Many thanks in advance!

stan

Search Discussions

  • William Kinney at Jan 10, 2012 at 10:52 pm
    I have noticed this too with one job. Keys that are equal (.equals(),
    hashCode() === and compareTo === 0) are being sent to multiple reduce tasks
    therefore resulting in incorrect output.

    Any insight?

    On Sat, Aug 13, 2011 at 11:14 AM, Stan Rosenberg wrote:

    Hi All,

    Here is what's happening. I have implemented my own WritableComparable
    keys
    and values.
    Inside a reducer I am seeing 'reduce' being invoked with the "same" key
    _twice_.
    I have checked that context.getKeyComparator() and
    context.getSortComparator() are both WritableComparator which
    indicates that 'compareTo' method of my key should be called when doing
    reduce-side merge.

    Indeed, inside the 'reduce' method I captured both key instances and did
    the
    following checks:

    ((WritableComparator)context.getKeyComparator()).compare((Object)key1,
    (Object)key2)
    ((WritableComparator)context.getSortComparator()).compare((Object)key2,
    (Object)key2)

    In both calls, the result is '0', confirming that key1 and key2 are
    equivalent.

    So, what is going on?

    Note that key1 and key2 come from different mappers but they should have
    been collapsed in the reducer since
    they are both equal according to WritableComparator. Also note that key1
    and key2 are not bitwise equivalent, but
    that shouldn't matter, or should it?

    Many thanks in advance!

    stan
  • W.P. McNeill at Jan 10, 2012 at 10:59 pm
    The Hadoop framework reuses Writable objects for key and value arguments,
    so if your code stores a pointer to that object instead of copying it you
    can find yourself with mysterious duplicate objects. This has tripped me
    up a number of times. Details on what exactly I encountered and how I fixed
    it are here
    http://cornercases.wordpress.com/2011/03/14/serializing-complex-mapreduce-keys/
    and
    here
    http://cornercases.wordpress.com/2011/08/18/hadoop-object-reuse-pitfall-all-my-reducer-values-are-the-same/
    .
  • William Kinney at Jan 10, 2012 at 11:13 pm
    I'm (unfortunately) aware of this and this isn't the issue. My key object
    contains only long, int and String values.

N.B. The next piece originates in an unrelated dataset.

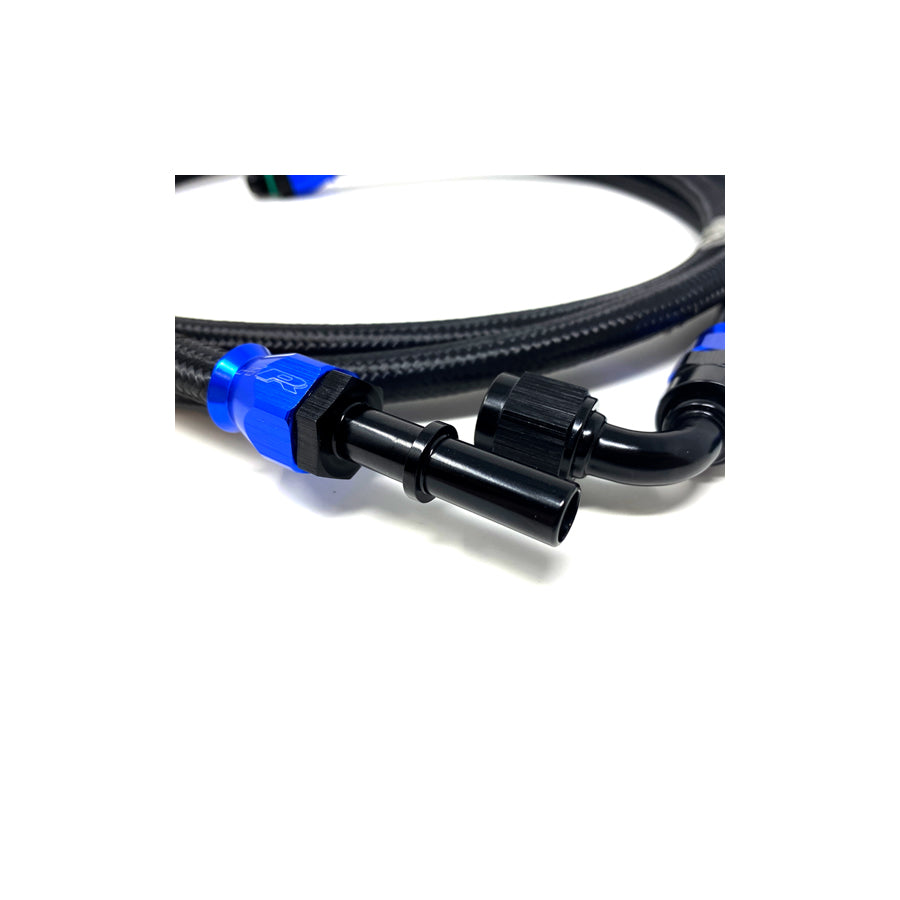 The Precision Raceworks AN6 Fuel line upgrade options are a direct replacement from the fuel pump on the passenger side of the car to the high pressure fuel pump (or MPI).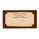 Uma etiqueta de envio para o especialista em gabinete. Uma superfície de madeira marrom de mogno serve como fundo para conter uma estrutura leve de aparência de madeira que mantém seu endereço de retorno comercial. Disponível com produtos correspondentes.

    The job map output is consistent, but the reduce input groups and values
    for the key vary from one job to the next on the same input. It's like it
    isn't properly comparing and partitioning the keys.

    I have properly implemented a hashCode(), equals() and the
    WritableComparable methods.

    Also not surprisingly when I use 1 reduce task, the output is correct.

    On Tue, Jan 10, 2012 at 5:58 PM, W.P. McNeill wrote:

    The Hadoop framework reuses Writable objects for key and value arguments,
    so if your code stores a pointer to that object instead of copying it you
    can find yourself with mysterious duplicate objects. This has tripped me
    up a number of times. Details on what exactly I encountered and how I fixed
    it are here

    http://cornercases.wordpress.com/2011/03/14/serializing-complex-mapreduce-keys/
    and
    here

    http://cornercases.wordpress.com/2011/08/18/hadoop-object-reuse-pitfall-all-my-reducer-values-are-the-same/
    .
  • William Kinney at Jan 10, 2012 at 11:16 pm
    Naturally after I send that email I find that I am wrong. I was also using
    an enum field, which was the culprit.
    On Tue, Jan 10, 2012 at 6:13 PM, William Kinney wrote:

    I'm (unfortunately) aware of this and this isn't the issue. My key object
    contains only long, int and String values.

    The job map output is consistent, but the reduce input groups and values
    for the key vary from one job to the next on the same input. It's like it
    isn't properly comparing and partitioning the keys.

    I have properly implemented a hashCode(), equals() and the
    WritableComparable methods.

    Also not surprisingly when I use 1 reduce task, the output is correct.

    On Tue, Jan 10, 2012 at 5:58 PM, W.P. McNeill wrote:

    The Hadoop framework reuses Writable objects for key and value arguments,
    so if your code stores a pointer to that object instead of copying it you
    can find yourself with mysterious duplicate objects. This has tripped me
    up a number of times. Details on what exactly I encountered and how I
    fixed
    it are here

    http://cornercases.wordpress.com/2011/03/14/serializing-complex-mapreduce-keys/
    and
    here

    http://cornercases.wordpress.com/2011/08/18/hadoop-object-reuse-pitfall-all-my-reducer-values-are-the-same/
    .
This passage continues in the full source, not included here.